Each event in the unstructured DAG carries only a standard digital signature from its creator; the only additional cryptographic primitive required is a hash function to reference parent events in the DAG.

Migrating to post-quantum security, therefore, requires only replacing the per-event and transaction signatures with a NIST-standardized scheme such as Dilithium or Falcon; nothing else in the SonicCS protocol changes.

What This Means for Sonic

Most PoS chains will face a painful migration when post-quantum cryptography becomes mandatory. Protocols built around BLS aggregation and threshold signatures will need to rework certificate structures, bandwidth models, and, in some cases, even their core trust assumptions.

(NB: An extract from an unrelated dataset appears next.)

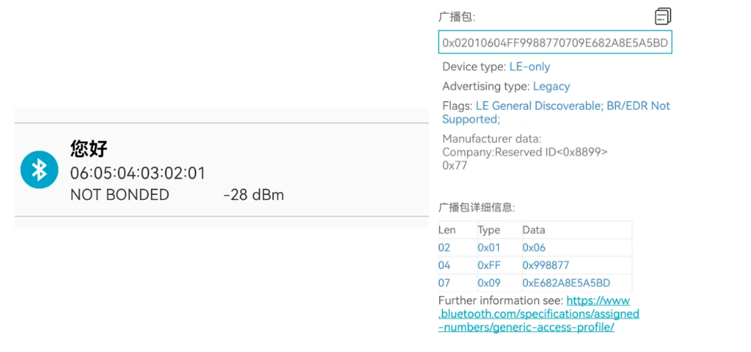 07+09+E682A8E5A5BD:07是数据长度,0x09是广播名称类型,0xE682A8E5A5BD是中文”您好“的编码

Sonic does not have that problem. SonicCS uses only two cryptographic primitives: a standard digital signature per event and a hash function to reference parents in the DAG. When the industry moves to post-quantum standards, Sonic swaps the signature scheme, updates the hash output size, and ships. The consensus logic, the DAG structure, and the liveness guarantees all stay the same.

This is the payoff of vertical integration. Because Sonic owns its consensus protocol end-to-end, it can make forward-looking architectural decisions at the cryptographic layer today rather than scrambling to retrofit when the threat becomes operational.

(The Sonic tech team will keep up to date with Ethereum Foundation's approach to Post-Quantum updates, roadmap and research.)


Frequently Asked Questions

Q1: Why are quantum computers a problem for blockchains?

A: Blockchains use digital signatures to prove ownership. Quantum computers can break the math behind today's signatures, which would let attackers forge them and steal funds.

Q2: What is the "aggregation trap"?

A: Most blockchains combine many signatures into one small certificate to save space. The quantum-safe replacements can't be combined easily, and they get huge and slow. So these chains can't just swap in new crypto; they'd need big redesigns.

Q3: How does SonicCS avoid this trap?

A: SonicCS keeps it simple. Each event just has one regular signature and a hash linking to earlier events. No combined certificates, no fancy extras, so there's nothing complicated to fix later.

Q4: What will the quantum upgrade look like for SonicCS?

A: Easy. Swap in a quantum-safe signature, update the hash, and done. Everything else stays the same. Other chains will have a much tougher time.